For the laptop market, AMD today officially launched the AMD A-Series Fusion Accelerated Processing Units codenamed “Llano” and “Sabine” mobile platform.
The Llano/Sabine combo is designed for use in mainstream notebooks and delivers high CPU performance, discrete-class graphics, and long battery life, AMD says.
AMD’s new Fusion APUs are based on 32nm production technology and incorporate up to four CPU cores and up to 400 GPU cores with DirectX 11 support. As same as the earlier released “Zacate” E-series and “Ontario” C-series lower-end APUs, the Llano has a dedicated HD video decoder.
The CPUs on the new APUs can run in Turbo mode with higher clock frequency of select cores, competing against Intel’s TurboBoost technology.
According to AMD, the A-series APUs for notebooks deliver up to 400 gigaflops of computing performance and more than 10:30 hours of battery life. However, that run time is achieved on a system with a 6-cell 62.16Whr battery in Windows Idle mode.
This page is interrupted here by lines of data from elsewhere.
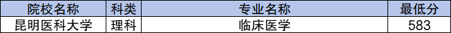 学校地方专项计划理科最低分数线是583分,对应的招生专业是临床医学。
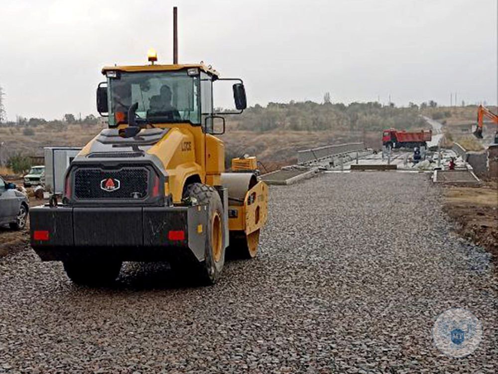 В селе Павлополь приступили к устройству щебеночного основания и укладке асфальта на подходах к строящемуся мосту через
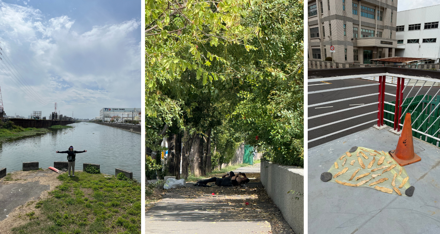 沿水圳前行,路上見工人席地而躺休息、居民在人行道曬蘿蔔,生活步調那是清幽又慢活。

Under the GPU and CPU intensive 3DMark 06 workload, the battery lasted 2:58 hours.
The new laptop platform includes support for switchable graphics combining APUs’ integrated GPU and a dedicated video card, as well as HDMI 1.4a, DisplayPort 1.1, USB 3.0, and support for multi-display setups.
Here’s a list of known AMD A-series Llano laptop-use parts:
Top of the line:
– AMD A8-3510MX quad-core at 1.9GHz (2.6GHz Turbo) with HD HD 6620G 400-core graphics, 4MB cache, and 45W TDP
High-end:
– AMD A8-3500M quad-core at 1.5GHz (2.5GHz Turbo) with HD HD 6620G 400-core graphics, 4MB cache, and 35W TDP
– AMD A8-3510MX quad-core at 1.8GHz (2.5GHz Turbo) with HD HD 6620G 400-core graphics, 4MB cache, and 45W TDP
Mid-range:
– AMD A6-3400M quad-core at 1.4GHz (2.3GHz Turbo) with HD 6520G 320-core graphics, 4MB cache, and 35W TDP
– AMD A6-3410MX quad-core at 1.6GHz (2.3GHz Turbo) with HD 6520G 320-core graphics, 4MB cache, and 45W TDP
Entry-level:
– AMD A4-3300M dual-core at 1.9GHz (2.5GHz Turbo) with HD 6480M 240-core graphics, 2MB cache, and 35W TDP
– AMD A4-3310MX dual-core at 2.1GHz (2.5GHz Turbo) with HD 6480M 240-core graphics, 2MB cache, and 45W TDP
There’s another entry-level part that is actually E-series Llano:
– AMD E2-3300M dual-core at 1.8GHz (2.4GHz Turbo) with HD 6370 160-core graphics, 1MB cache, and 35W TDP
The first laptop maker that has announced Llano-based notebooks is HP.
The first reviews of the AMD Llano mobile-class APUs have been already posted by AnandTech, Hexus, PC Perspective, Tom’s Hardware, and others.